Kennedy adds the following about the work he is specifically doing:

"What I can say is I have been given considerable autonomy to work on a storyline bit of lore which is well-segregated from other parts of the game, which makes a lot of sense with me being remote. And yes, if you've seen a lot of my work before you will probably not be surprised by the choice of subject matter. It's familiar stuff."

"I don't want to exaggerate the degree of the chunk [I'm writing]. It's more analogous to Patrick Weekes writing [Mass Effect character] Mordin than me being told to go off and write a whole different country... It's nothing that grandiose, but it is distinct. It's a bit of lore which has not been addressed much to date in Dragon Age."

Going off Kennedy's work and what he said above it's possible his role has something to do -- as Eurogamer also points out -- with the Qunari race, a race relatively unknown and separated from the rest of Thedas, aka fitting the bill of what Kennedy describes. Further, Trespasser implies heavily that the Qunari will play a substantial role going forward, which comes as no surprise as they are constantly at arms with Tevinter.

Later in the interview, Kennedy talks how the quests he creates are planned out over a four-day cycle. He specifically says:

 "I have one wall of my flat covered with whiteboard vinyl. One day will be breaking the story on the whiteboard wall for a proper scrawly arrows serial killer effect. [After that, it's] one day creating a skeleton of the quest with placeholder text in the editor; one day fleshing out dialogue; one day for contingency and admin."

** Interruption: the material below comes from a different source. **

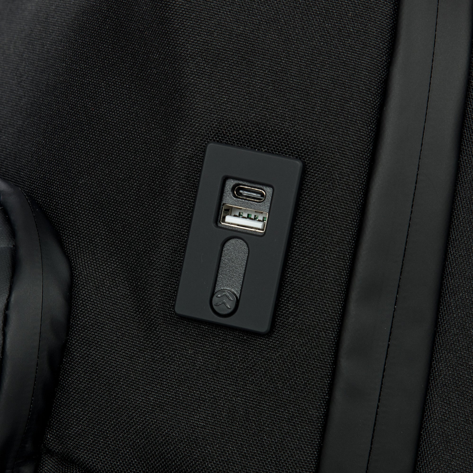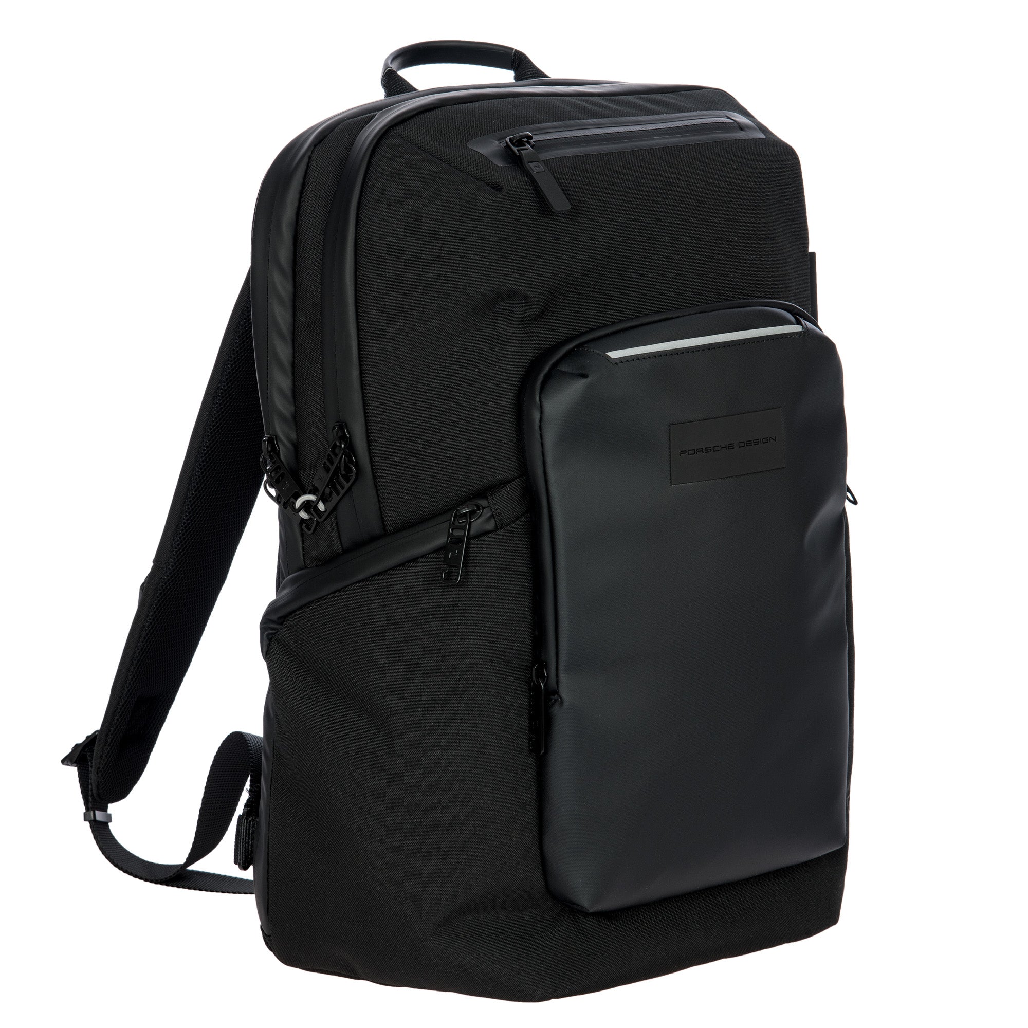 The fusion of smart style and sustainability, functionality and flexibility: The Porsche Design Urban Eco series doesn't stay in the drawer - its perfect for modern everyday life. The Porsche Design Urban Eco Backpack M2 business backpacks technically clean design is appealing at first glance: water repellent polyester with coated fabric patch pocket, laminated zippers and black metal hardware. At second glance, the details catch the eye: like the rubberized logo patch, reflective piping and Porsche model badge-inspired print with the map coordinates of Zell am See, home of Studio F. A. Porsche. The well thought-out equipment in the backpack may not be visible, but can be felt every time you wear it. A separate notebook compartment on the back for laptops up to 15", a generous main compartment with zippered pocket, additional slide-in pocket and USB plug, a zippered patch pocket with business organizer and additional front slide-in pocket, side pockets and the back made of padded neoprene with trolley link and additional zippered pocket make the backpack the perfect business partner.

Kennedy has said he is nearing the halfway point of his writing time on the game, though the project will continue in production long after he departs.

Speaking on the Dragon Age team within BioWare, Kennedy notes: "It started out small... [pause] I have to be careful what I say. Obviously, BioWare has completed one public project recently so that has freed up some resource. The team is growing."